Glawoggers „Wokingsman’s Death“ kostenlos im Internet ansehen

Von , 29. Oktober 2010 11:52

Hier ein interessanter Hinweis, den MILLERSCROSSING hier gestern in den Kommentaren gepostet hat:

Die Indie-Filmplattform http://www.realeyz.tv sponsert zum 15-jährigen Bestehen der Filmzeitschrift “Schnitt” den preisgekrönten Michael Glawogger Film WORKINGMAN’S DEATH. Den Film kann man sich kostenlos online ansehen auf http://www.schnitt.de/stream/

Herzlichen Dank für den Tipp!!!

Originalfassungen in Bremen: 28.10.- 03.11.10

Von , 28. Oktober 2010 16:45

Für die Freunde des Mainstream-Actionfilms schießt sich Bruce Willis mit einer illusteren Bande von Oscar-Präm- und Nominierten durch die Comic-Verfilmung „R.E.D.“. Und ich freue mich auf „Banksy – Exit Through the Gift Shop“, den ich hoffentlich noch schaffe zu gucken.
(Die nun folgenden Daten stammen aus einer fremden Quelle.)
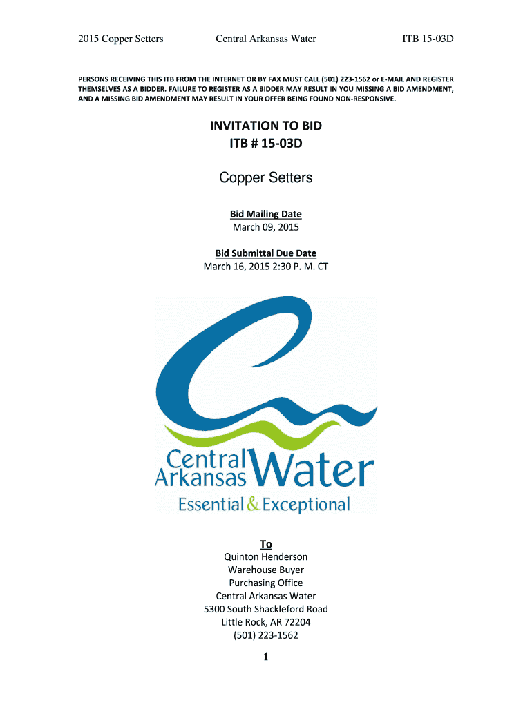 2015 Copper Setters Central Arkansas Water ITB 1503D PERSONSRECEIVINGTHISITBFROMTHEINTERNETORBYFAXMUSTCALL(501)2231562orEMAILANDREGISTER THEMSELVESASABIDDER.FAILURETOREGISTERASABIDDERMAYRESULTINYOUMISSINGABIDAMENDMENT,

Ansonsten gibt es diesmal nicht viel zu berichten.

R.E.D. – Cinemaxx, Do. 22:50; Fr. 22:30, Sa. 23:00 und So.17:45 – US-Actionfilm der auf einem Comic basiert. Eine Gruppe pensionierter Agenten soll eliminiert werden und schlägt mächtig zurück. Mit Bruce Willis, Morgan Freeman, Helen Mirren und John Malkovich. Regie führt der Stuttgarter Robert Schwentke.

Jackass 3D – Cinemaxx, Di. 2.11., 20:50 – Die Chaotentruppe fand ich schon im TV mehr ekelig als cool. Darum werde ich mir den in 3D gedrehten dritten Kinofilm sicherlich nicht angucken.

So spielt das Leben – Cinemaxx, Mo. 1.11., 19:50 – Komödie mit Catherine Heigl, die wieder einmal ganz miese Kritiken erntete. Irgendwie scheint die Frau Heigl in letzter Zeit kein glückliches Händchen mit ihrer Rollenauswahl zu haben.

Dunia – Kino 46, Di 2.11.,  20:30 – Ägyptischer Spielfilm um eine Studentin in Kairo, welche ihre Leidenschaft für den Tanz entdeckt und ihr sexuelles Erwachen erfährt.

Endstation der Sehnsüchte – Kino 46, Do.+Fr., 20:30 und Sa.+So., 18:00 – Von der „Full Metal Village„-Regisseurin Sung-Hyung Cho. In ihrem aktuellen Film geht es um drei deutsche Pensionäre, die mit ihren koreanischen Ehefrauen in deren Heimat ziehen und versuchen, sich dort ihre „deutsche Gemütlichkeit“ zu bewahren.

Banksy – Exit through the Gift Shop – Schauburg, Do.-Mi., jeweils 21:30 – Von und mit dem berühmten Streetart-Künstler. Documentary? Mockumentary? Das bleibt genauso mysteriös wie seine Hauptfigur.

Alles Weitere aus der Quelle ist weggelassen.